Rising Iran influence

The biggest surprise, said ABM, is that for the first time, Iran ranks among the region’s top 10 allies. Thirteen percent named Iran as their country’s biggest ally, mainly in countries where Tehran’s influence is strongest — Iraq, Lebanon and the Palestinian territories.

“I think it's very clear that there are definable differences between the Levant and the Gulf in how they perceive the role of Iran, and the problems of the conflicts that have beset the region,” said Stephens.

WATCH: Arab Youth Haven't Given Up on Change

Youth are divided over the Iran nuclear deal, which finds greatest support (93 percent) in Oman.

Nearly a third of all youth surveyed named Saudi Arabia as their country’s biggest ally, while a quarter named the U.S. as their country’s biggest ally — lower than last year but significantly higher than in previous years.

Improved view of U.S.

Perceptions of the U.S. are stronger among Gulf states, where 85 percent name it as an ally.

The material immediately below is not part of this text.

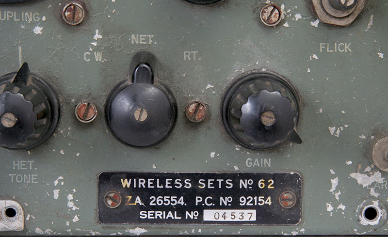 De Wireless Set No. 62 met serienummer 04537, een set die tijdens de tweede wereldoorlog gebouwd is. Er is ook geen toevoeging van MK.I of iets dergelijks. Dit zal dus een MK I zijn. Later werden de vroege sets, door allerlei mechanische tekortkomingen, omgebouwd naar de MK II versie. Dit exemplaar werd in 1956 nog eens totaal gerenoveerd.

“It is seen as an economic ally,” said Saudi journalist and political commentator Khaled Almaeena. “It has helped countries in distress.”

The U.S. is not perceived very well in Iraq, where 93 percent see it as an “enemy.” Eighty-two percent of Yemeni youth share that opinion, as do 81 percent of Palestinian youths.

In other interesting findings, Arab youth aren’t sure how to view the Syrian conflict. Thirty-nine percent view it as a proxy war between regional and world players; 29 percent see it as a revolution against the regime; and 22 percent call it a civil war. Ten percent say they simply don’t know.

FILE - Young Saudi activists prepare for an athletic event they say helps handicapped children become more fit and integrate with society in Jeddah, Saudi Arabia, January 2016. Saudi journalist Khaled Almaeena suggests numbers from the Arab Youth Survey reflect growing indifference to political crises. (H. Murdock/VOA)

FILE - Young Saudi activists prepare for an athletic event they say helps handicapped children become more fit and integrate with society in Jeddah, Saudi Arabia, January 2016. Saudi journalist Khaled Almaeena suggests numbers from the Arab Youth Survey reflect growing indifference to political crises. (H. Murdock/VOA)

Almaeena suggests the numbers reflect growing indifference to political crises.

“Basically, youth are more interested in job security and education than in conflicts,” he said.

More Arab youth report they get their news from television, though the internet and social media are fast catching up. Fewer than two in 10 say they get their news from traditional print media and radio, and only 6 percent from magazines.

Takeaways

So what can be taken away from the survey?

“Life is full of problems,” a law student in Cairo told VOA, citing unemployment, the Egyptian military and a tangled government bureaucracy. "We are way, way behind many countries that were established after us, and they moved ahead of us.”

The survey demonstrates that youthful optimism has been dented in the past five years, but not squashed.

"That the promise and ambition of the Arab Spring has not been fulfilled yet does not mean, I hope, that it will not be fulfilled in time,” commentator Yafai said as the study was released, and he offered a message to the region’s leaders:

“If the young people of your countries do not believe that they are better off five years after the Arab Spring, that is not the fault of the young for believing. It is the fault of the political establishment for not achieving.”